Python API Call: JSON to Pandas DF

I'm working on pulling data from a public API and converting the response JSON file to a Pandas Dataframe. I've written the code to pull the data and gotten a successful JSON response. The issue I'm having is parsing through the file and converting the data to a dataframe. Whenever I run through my for loop, I get a dataframe that retruns 1 row when it should be returning approximately 2500 rows & 6 columns. I've copied and pasted my code below:
Things to note:
I've commented out my api key with "api_key".
I'm new(ish) to python so I understand that my code formatting might not be best practices.
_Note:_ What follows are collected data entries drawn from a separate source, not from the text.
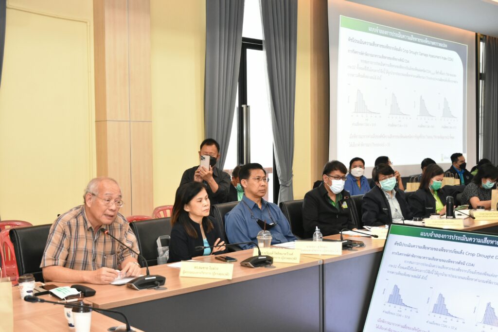 ดร.สมชาย ใบม่วง ผู้ทรงคุณวุฒิ (วช.) กล่าวว่า ปัจจุบันการให้ความช่วยเหลือผู้ประสบภัยแล้ง อาศัยข้อมูลปริมาณน้ำฝนของกรมอุตุนิยมวิทยา ซึ่งมีการรายงานของฝนทิ้งช่วงต่อเนื่องในช่วงฤดูกาลเพาะปลูกพืช ประกาศเป็นพื้นที่ภัยแล้งในระดับจังหวัด และให้เกษตรกรที่ได้รับผลกระทบขึ้นทะเบียนกับกรมส่งเสริมการเกษตร เพื่อขอรับเงินค่าชดเชย โดยจะต้องมีการตรวจสอบยืนยันความเสียหายจากเจ้าหน้าที่ของรัฐก่อนถึงจะสามารถดำเนินการจ่ายค่าชดเชยได้ ทำให้การช่วยเหลือเกษตรกรเกิดความล่าช้าและสินเปลืองกำลังคนในการสำรวจตรวจสอบจำนวนมาก (วช.) จึงได้ให้การสนับสนุน GISTDA ในการดำเนินโครงการ “ประเมินพื้นที่เสี่ยงภัยแล้งและความเสียหายของพืชเกษตรรายแปลง ด้วยเทคโนโลยีภูมิสารสนเทศ” โดยคณะนักวิจัยได้สร้างแบบจำลองการวิเคราะห์และประเมินพื้นที่เสี่ยงภัยแล้ง และความเสียหายของพืชเกษตรรายแปลง แบบอัตโนมัติ และจัดทำเป็นแพลตฟอร์มเพื่อสนับสนุนการตัดสินใจในการช่วยเหลือเกษตรกรผู้ประสบภัยแล้ง รวมทั้ง การขับเคลื่อน ติดตาม ประเมินผลลัพธ์และผลตอบแทนทางสังคมให้กับหน่วยงานระดับนโยบาย อาทิ กระทรวงเกษตรและสหกรณ์ กระทรวงมหาดไทย กรมส่งเสริมการเกษตร กรมชลประทาน กรมอุตุนิยมวิทยา เป็นต้น โดยคณะผู้ตรวจสอบทางวิชาการของโครงการวิจัยได้ลงพื้นที่จังหวัดอุทัยธานีเพื่อดูผลการนำผลงานวิจัยมาใช้ประโยชน์ เพื่อให้รู้ถึงปัญหาของการใช้งานของแพลตฟอร์ม เมื่อนำมาใช้งานจริง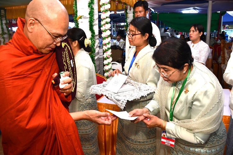 ၂၀၂၆ ခုနှစ် သာသနာတော်ဆိုင်ရာ ဘွဲ့တံဆိပ်တော်များ ဆက်ကပ်ပူဇော်ခြင်း မဟာမင်္ဂလာ အခမ်းအနားသို့ ပြည်ထောင်စုစာရင်းစစ်ချုပ် တက်ရောက်ခြင်းနှင့် ဝန်ထမ်းများနှင့်အတူ ဆွမ်းဆန်စိမ်းနှင့်လှူဖွယ်ဝတ္ထုပစ္စည်းများ လှူဒါန်းခြင်း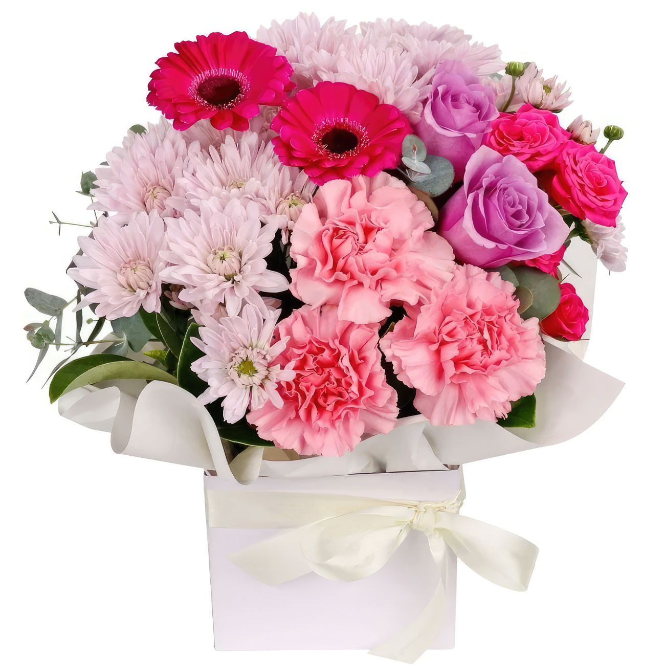 Розовые герберы, сиреневые одноголовые розы, кустовые розовые розы и хризантемы создают нежное сочетание в этой композиции. Гвоздики добавляют яркости и объема. Упаковано в элегантную квадратную коробку с белой лентой. Возможны варианты оформления в бархатной или атласной коробке. Прекрасный подарок для любимой на день рождения или годовщину.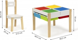 Ustvarite otrokom lasten kreativni kotiček s kompletom ECOTOYS, ki združuje igralno mizo in shranjevalni prostor v enem. Robustne noge iz borovega lesa in trpežna MDF plošča zagotavljajo stabilnost in dolgo življenjsko dobo. Zaradi čistega skandinavskega dizajna se komplet odlično poda v otroško sobo, igralnico ali čakalnico.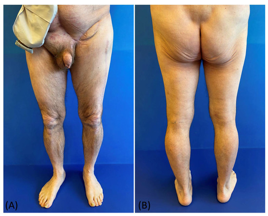 Figure 6. (A,B) Postoperative picture at 6 months follow-up: frontal view and posterior view.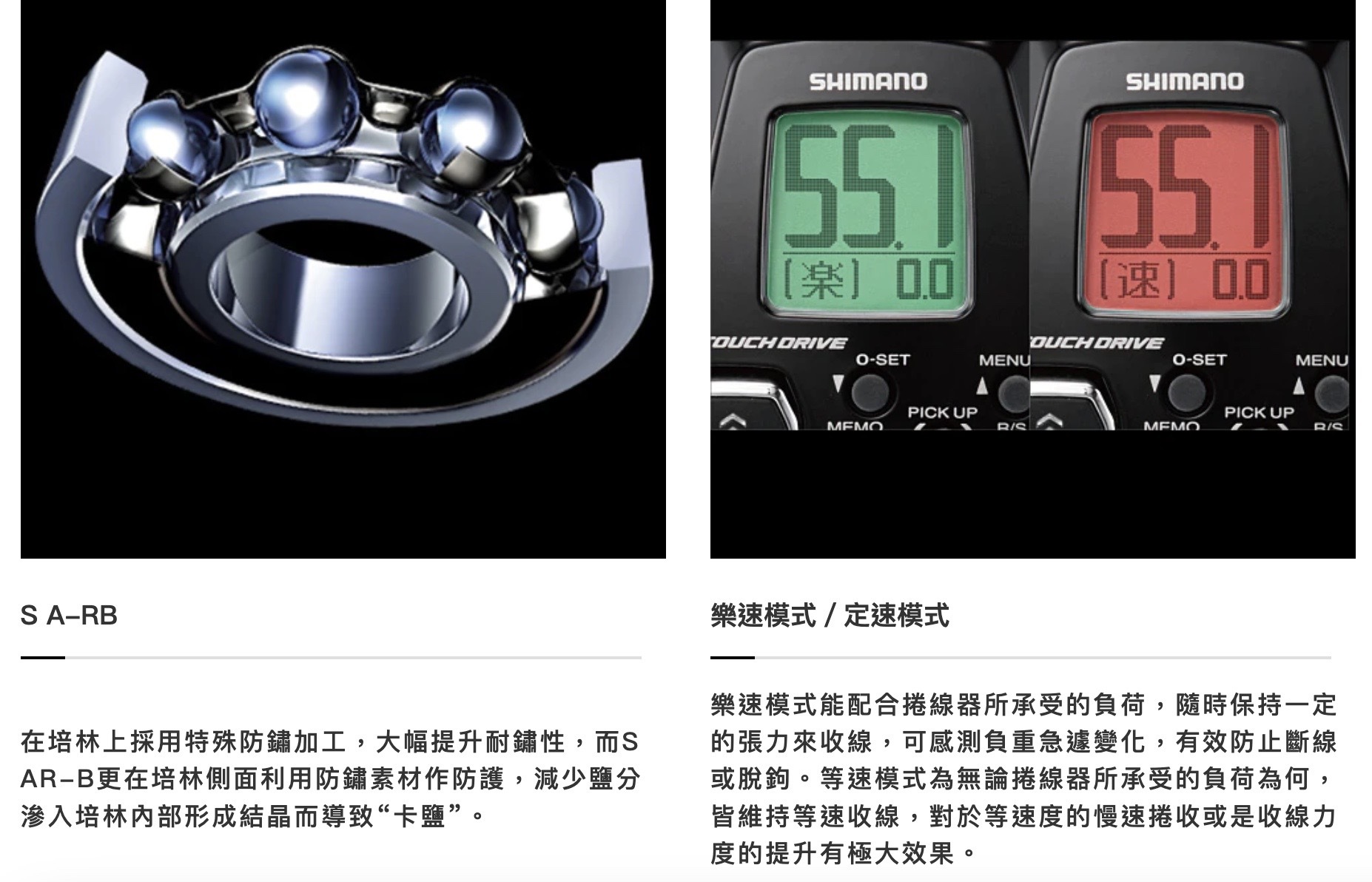 採用 Shimano 的防鏽 S A-RB 軸承技術,延長捲線器的使用壽命。這些軸承經過特殊處理,能有效防止鹽水侵蝕,適合長時間在海上使用,確保軸承持久順滑運作。
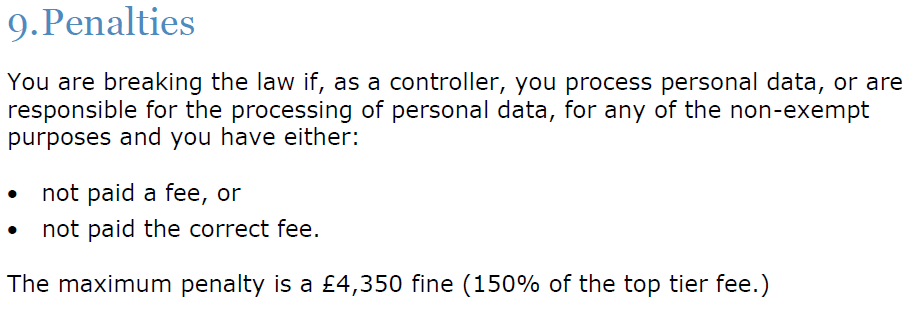 Well, the maximum fine for not registering with the ICO is £4350:
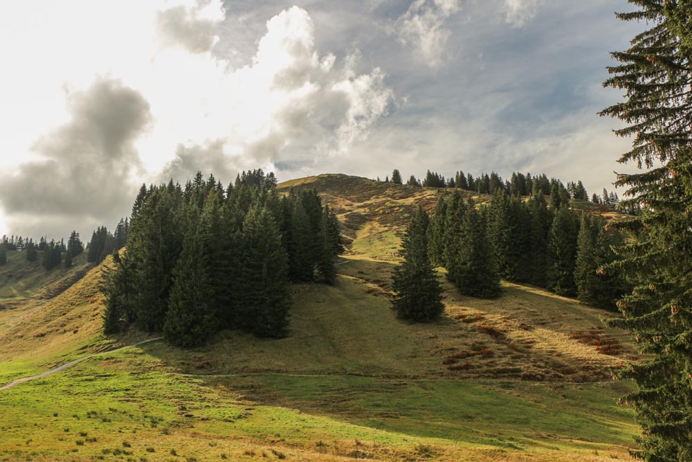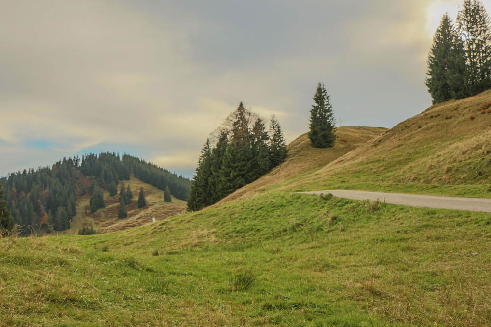 Nach einer Pause steige ich zügig in die Scharte zwischen Rangiswanger- und Ofterschwanger Horn ab und erreiche kurz darauf die inzwischen geschlossene Fahnengehrenalpe. Das Rangiswanger Horn lasse ich rechts liegen. An sich wollte ich da noch rauf, aber der Gipfel liegt im dichten Wald, sehen tut man da oben eh nichts. Außerdem sind die Wiesen noch vom gestrigen Regen aufgeweicht, und da kein Weg hinaufführt, habe ich keine Lust, durch die Matsche zu steigen, um dann oben nichts zu sehen. Also weiter Richtung Rangiswanger Horn. Durch lichten Wald geht es östlich unterhalb des Gipfels des Sigiswanger Horns vorbei und schließlich wieder in freieres Gelände. Eine schöne Landschaft, um einfach nur genüsslich dahin zu spazieren.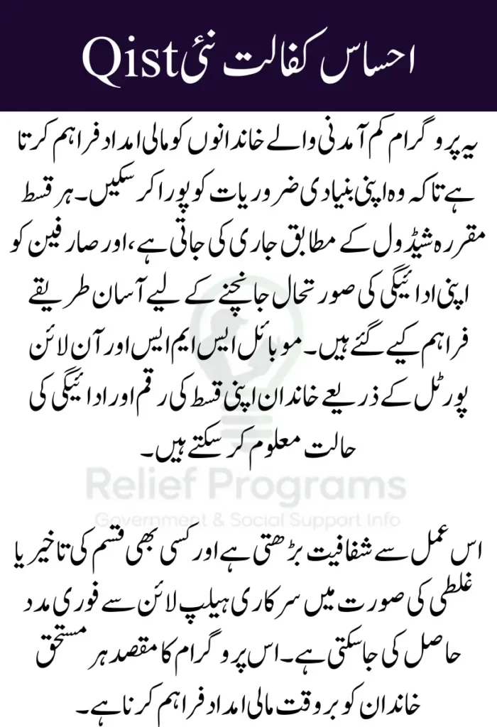Each Ehsaas Kafalat New Qist may vary depending on family size and government allocation. Beneficiaries can confirm the exact amount using online or SMS methods. This ensures the correct amount is received and helps track changes between installments.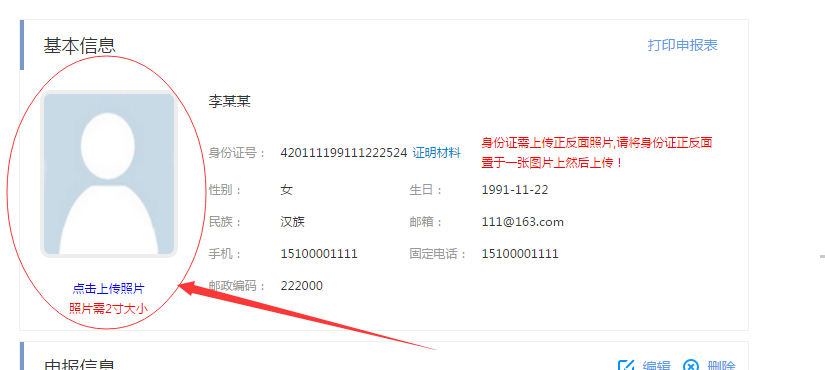 刷新后拖動(dòng)到學(xué)歷信息部分,可見新增的學(xué)歷信息如下顯示,點(diǎn)擊如圖1.1.2.6中的【修改】按鈕可修改選擇的學(xué)歷信息,點(diǎn)擊【刪除】即可刪除當(dāng)前學(xué)歷信息,點(diǎn)擊【證明材料】上傳學(xué)歷證明材料。

I'm open to changes.
Here is the link to the API that I am requesting from: https://developer.va.gov/explore/facilities/docs/facilities?version=current
facilities_data = pd.DataFrame(columns=['geometry_type', 'geometry_coordinates', 'id', 'facility_name', 'facility_type','facility_classification'])
# function that will make the api call and sort through the json data
def get_facilities_data(facilities_data):
# Make API Call
res = requests.get('https://sandboxapi.va.gov/services/va_facilities/v0/facilities/all',headers={'apikey': 'api_key'})
data = json.loads(res.content.decode('utf-8'))
time.sleep(1)
for facility in data['features']:
geometry_type = data['features'][0]['geometry']['type']
geometry_coordinates = data['features'][0]['geometry']['coordinates']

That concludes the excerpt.